Problem> Retype the lines below exactly, but only those from the line that has "Фартух чоловічий прикольний" through the line that has "车辆购买一年半,现在电池检测出现问题。不给质保。当时购车时说的质保8年。". Omit every picture.

Entries provided>
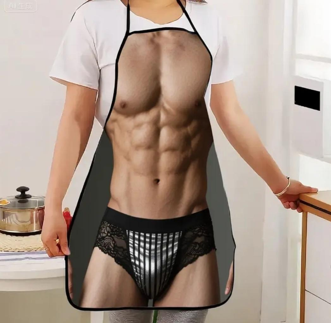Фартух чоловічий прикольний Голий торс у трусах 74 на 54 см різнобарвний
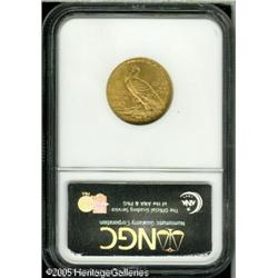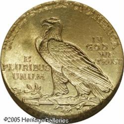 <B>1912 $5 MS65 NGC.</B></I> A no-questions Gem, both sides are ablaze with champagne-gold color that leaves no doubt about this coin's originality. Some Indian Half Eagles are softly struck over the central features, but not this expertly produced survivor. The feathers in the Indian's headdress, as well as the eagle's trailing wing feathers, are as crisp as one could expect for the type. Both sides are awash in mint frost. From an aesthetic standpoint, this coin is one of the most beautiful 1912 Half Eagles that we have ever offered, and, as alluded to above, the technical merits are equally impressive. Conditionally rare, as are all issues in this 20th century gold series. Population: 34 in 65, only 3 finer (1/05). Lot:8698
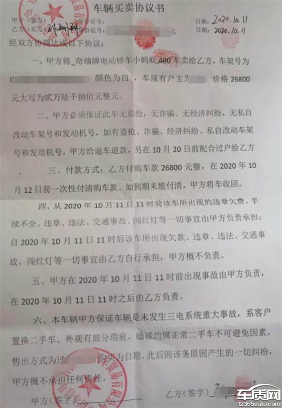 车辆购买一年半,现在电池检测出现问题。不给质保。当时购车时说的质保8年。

==

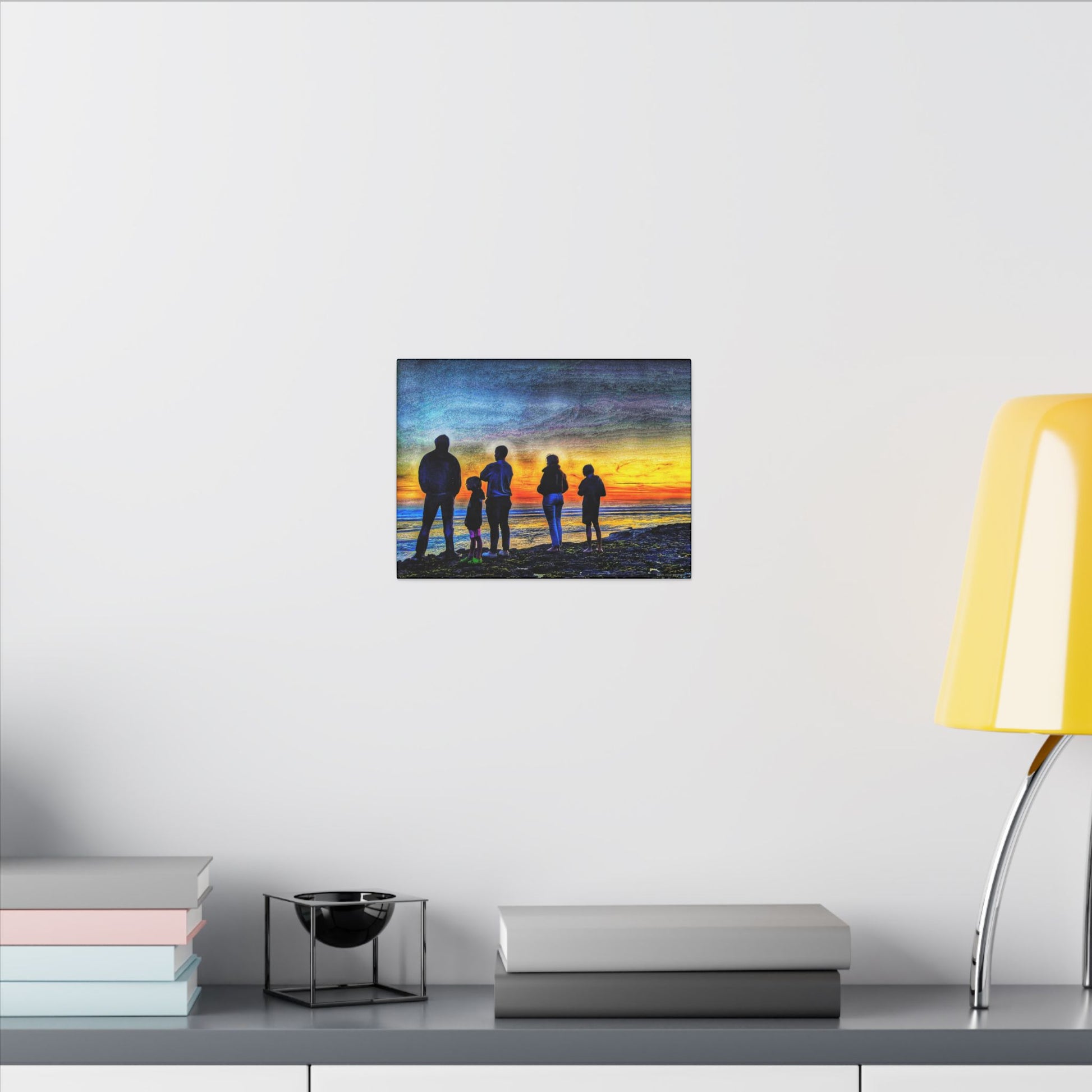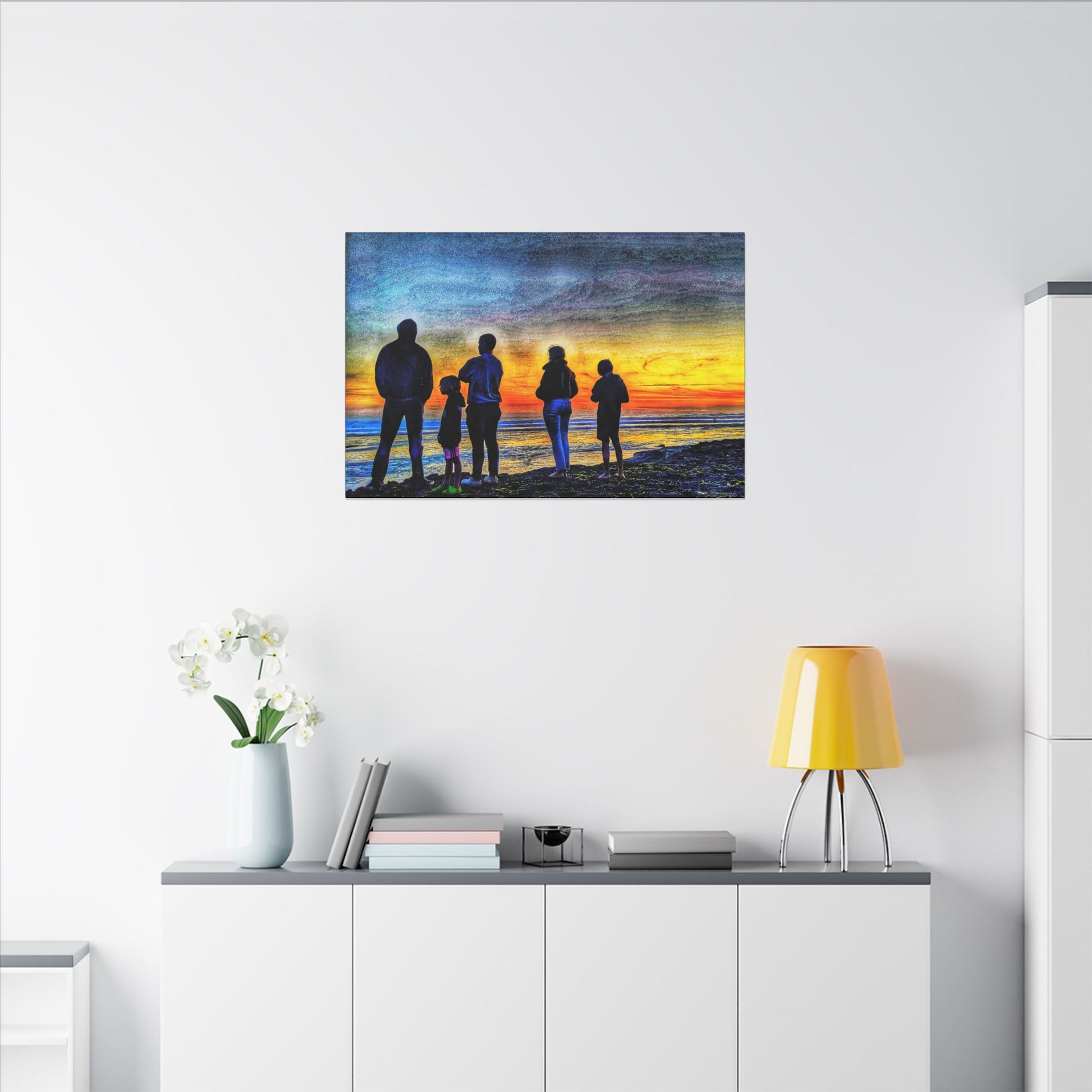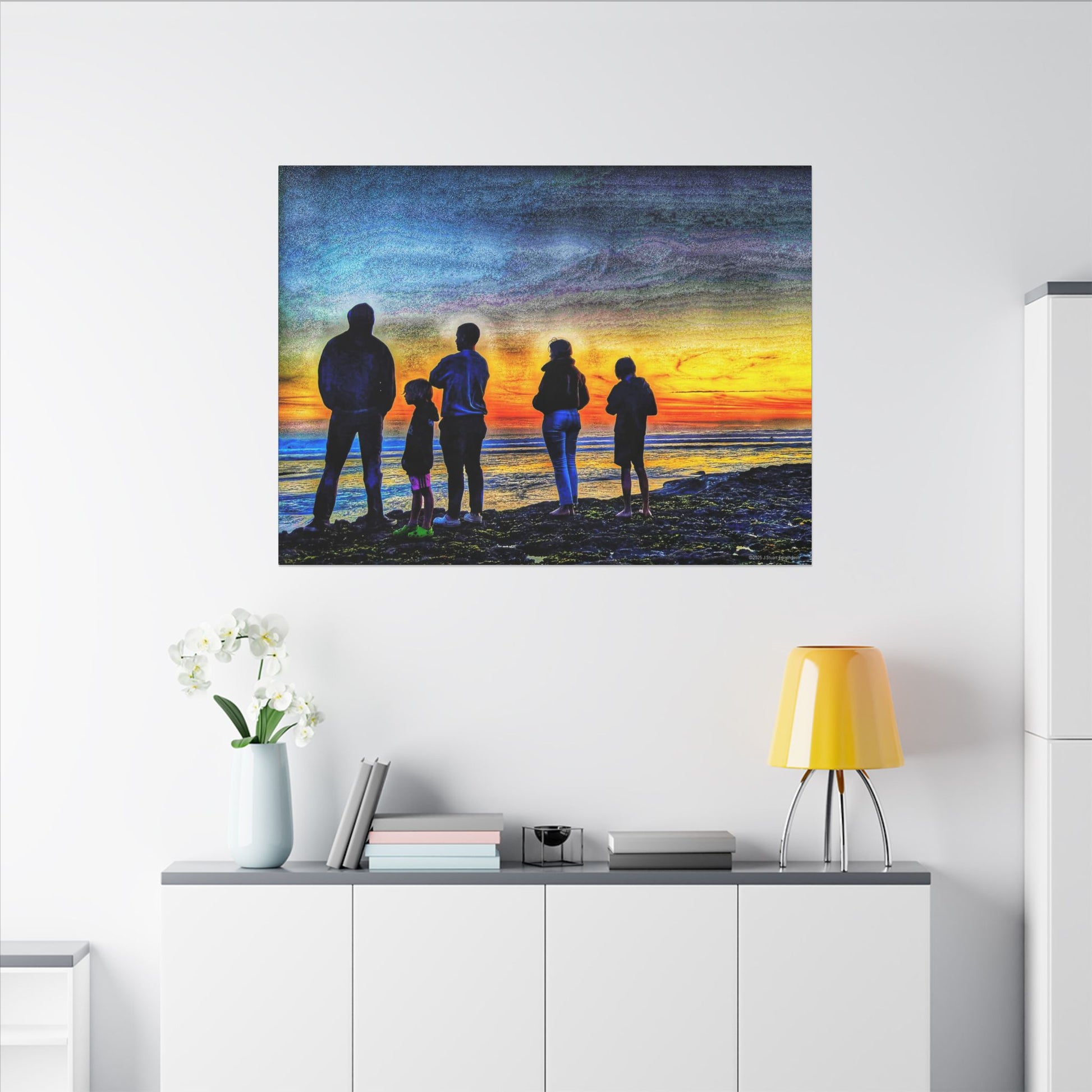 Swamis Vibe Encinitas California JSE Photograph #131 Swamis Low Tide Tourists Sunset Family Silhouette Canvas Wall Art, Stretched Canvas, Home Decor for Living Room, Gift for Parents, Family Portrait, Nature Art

Exercise answer>
Фартух чоловічий прикольний Голий торс у трусах 74 на 54 см різнобарвний
 <B>1912 $5 MS65 NGC.</B></I> A no-questions Gem, both sides are ablaze with champagne-gold color that leaves no doubt about this coin's originality. Some Indian Half Eagles are softly struck over the central features, but not this expertly produced survivor. The feathers in the Indian's headdress, as well as the eagle's trailing wing feathers, are as crisp as one could expect for the type. Both sides are awash in mint frost. From an aesthetic standpoint, this coin is one of the most beautiful 1912 Half Eagles that we have ever offered, and, as alluded to above, the technical merits are equally impressive. Conditionally rare, as are all issues in this 20th century gold series. Population: 34 in 65, only 3 finer (1/05). Lot:8698
 车辆购买一年半,现在电池检测出现问题。不给质保。当时购车时说的质保8年。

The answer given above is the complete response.